Thursday, October 4, 2012

Want to Restore the Economy? Arrest the Bankers.

Worked like a charm in Iceland
While bankers were being bailed out elsewhere, Iceland arrested theirs. Now Iceland’s economy is recovering faster than the EU and the United States.
Watch the video.  It's not too late to start cuffing the motherfuckers. And confiscating all their money.

But when you do the opposite - when you let bankers skate and hand them the keys to the treasury, then punish the workers who are the bankers' victims by slashing spending - aka austerity - you get Greece and Spain.
 
For the past two years, the Greek story has, as one recent paper on economic policy put it, been "interpreted as a parable of the risks of fiscal profligacy." Not a day goes by without some politician or pundit intoning, with the air of a man conveying great wisdom, that we must slash government spending right away or find ourselves turning into Greece, Greece I tell you.Just to take one recent example, when Mitch Daniels, the governor of Indiana, delivered the Republican reply to the State of the Union address, he insisted that "we're only a short distance behind Greece, Spain and other European countries now facing economic catastrophe."
By the way, apparently nobody told him that Spain had low government debt and a budget surplus on the eve of the crisis; it's in trouble thanks to private-sector, not public-sector, excess. But what Greek experience actually shows is that while running deficits in good times can get you in trouble -- which is indeed the story for Greece, although not for Spain -- trying to eliminate deficits once you're already in trouble is a recipe for depression.These days, austerity-induced depressions are visible all around Europe's periphery. Greece is the worst case, with unemployment soaring to 20 percent even as public services, including health care, collapse. But Ireland, which has done everything the austerity crowd wanted, is in terrible shape too, with unemployment near 15 percent and real GDP down by double digits. Portugal and Spain are in similarly dire straits.
So if their is a case to be made to America, it's this. Austerity sucks in times of recession. Don't believe me? Just look at the facts. And ask yourself this. Where is the proof that austerity has worked since the financial crisis hit? You can't find any except through empty words coming out of Germany or conservative hacks like Prime Minister Cameron.
Cameron indicated that Britain's programme of spending cuts, initially planned to take five years, could last until 2020."This is a period for all countries, not just in Europe, but I think you will see it in America too, where we have to deal with our deficits and we have to have sustainable debts. I can't see any time soon when ... the pressure will be off,"
When the Conservative/Liberal Democratic coalition took power in 2010, it introduced an austerity programme of increased spending cuts and tax increases that was intended to finish by 2015.The programme was extended to 2017 late last year, however, and is expected to save the government about 110 billion pounds in total.
His solution is an endless austerity which attacks the people he's supposed to be trying to help. And by the way, it's really not austerity itself that is extending Europe's problems, it's those that prescribe it as a remedy that are killing the economy.
Krugman finishes with this:
So it is time to stop invoking Greece as a cautionary tale about the dangers of deficits; from an American point of view, Greece should instead be seen as a cautionary tale about the dangers of trying to reduce deficits too quickly, while the economy is still deeply depressed. (And yes, despite some better news lately, our economy is still deeply depressed.)

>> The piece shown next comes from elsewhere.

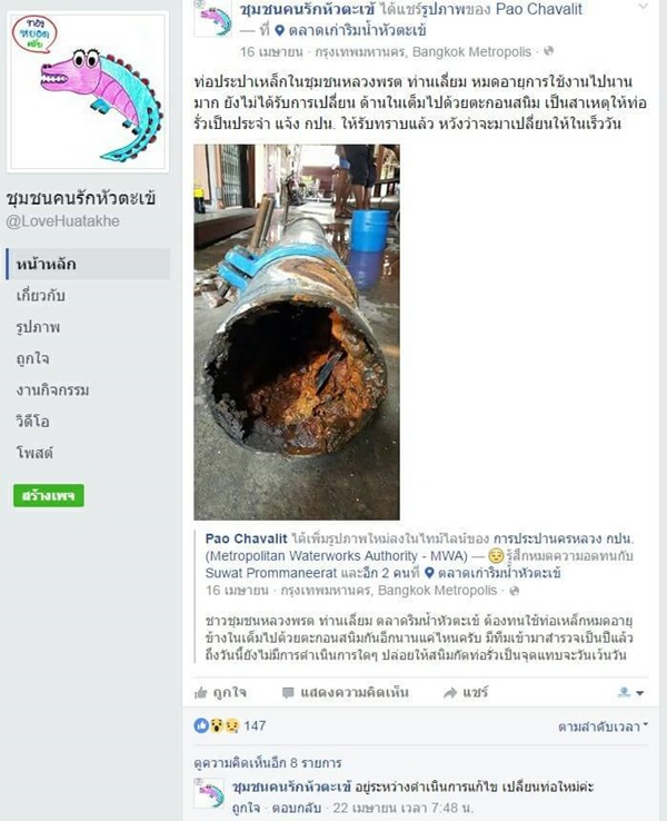 เมื่อวันที่ 1 พฤษภาคม 2560 มีรายงานว่า โลกออนไลน์ได้แชร์ภาพจากผู้ใช้เฟซบุ๊กรายหนึ่ง ที่โพสต์ภาพท่อประปา ขนาดใหญ่เต็มไปด้วยสนิมเกรอะกรัง และตะกอน ในบริเวณพื้นที่ ชุมชนหลวงพรต ท่านเลี่ยม เขตลาดกระบัง โดยมีคำถามว่าต้องทนใช้แบบนี้ไปอีกนานแค่ไหน มีทีมสำรวจมาสำรวจมาเป็นปีแล้วยังไม่มีการดำเนินการใด ๆ ซึ่งเรื่องนี้ทำเอาโซเชียลวิพากษ์วิจารณ์กันอย่างหนาหู

The truth is that if you want to know who is really trying to turn the United States into Greece, it's not those urging more stimulus for our still-depressed economy; it's the people demanding that we emulate Greek-style austerity even though we don't face Greek-style borrowing constraints, and thereby plunge ourselves into a Greek-style depression.
Krugman's too professional to say it, so I will: every analpundit, politician and conservative economist who's flogging austerity, deficit reduction and "entitlement reform" has been proven dead wrong about the economy over and over again. Whereas Krugman has been dead-on right every time since sounding the alarm about the repeal of Glass-Steagall 13 years ago.

They didn't give him the Nobel Prize for nothing.